Protalix BioTherapeutics Completes Enrollment for PRX-102 Phase 3 Trial  

Patricia Inácio, PhD avatar

by Patricia Inácio, PhD |

Share this article:

Share article via email
AVR-RD-01

Protalix BioTherapeutics announced it has completed enrollment of its Phase 3 trial evaluating PRX-102 in Fabry disease patients previously treated with Shire’s Replagal (agalsidase alfa).

The BRIDGE trial (NCT03018730) is an open-label switch-over study that will assess the safety and efficacy of PRX-102 in 22 patients with Fabry disease treated with Replagal for at least two years and currently on a stable dose for at least six months.

After an initial three-month observation, where participants will continue to receive Replagal, patients will be switched to 1 mg/kg of PRX-102, administered into the bloodstream (intravenously) every two weeks for a year.
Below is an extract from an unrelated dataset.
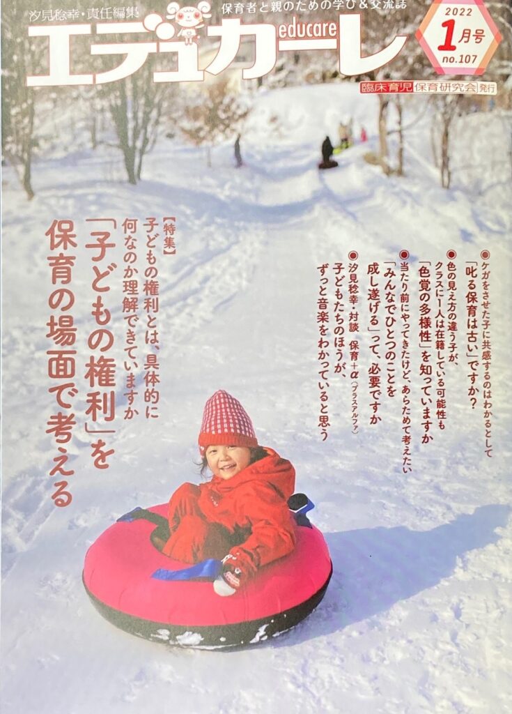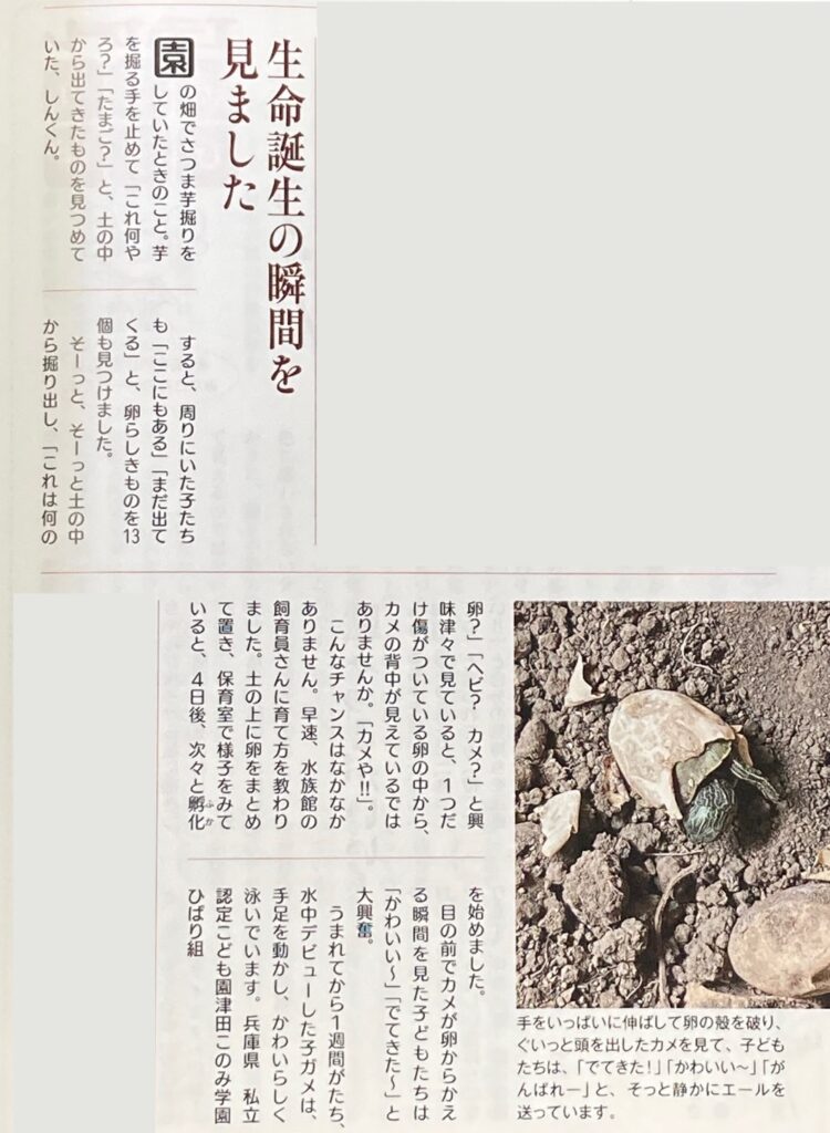 カメの孵化の投稿が採用され、エディカーレ(保育者と親のための学び&交流誌)という雑誌に、ひばりぐみの活動が掲載されました。

PRX-102 is an investigational enzyme replacement therapy (ERT) that compensates for the lack of the alpha-galactosidase A (αGAL-A) enzyme in Fabry patients. The absence of αGAL-A leads to the damaging accumulation of two fat molecules — Gb3 and lysoGb3 — in tissues such as the heart, kidneys, nervous system, eyes, and skin. PRX-102 is made with Protalix’s plant-based ProCellEx platform, which uses plant cells to produce therapeutic proteins in contrast to commonly used mammalian cells.

Preliminary findings of the BRIDGE trial showed that treatment with PRX-102 for six months greatly improved patients’ kidney function by reverting the decline in the glomerular filtration rate — a measure of how well the kidneys are cleaning the blood.

“In September 2018, we reported encouraging, positive interim results from the BRIDGE study and look forward to continue releasing additional data in 2019,” Moshe Manor, Protalix’s president and CEO, said in a press release.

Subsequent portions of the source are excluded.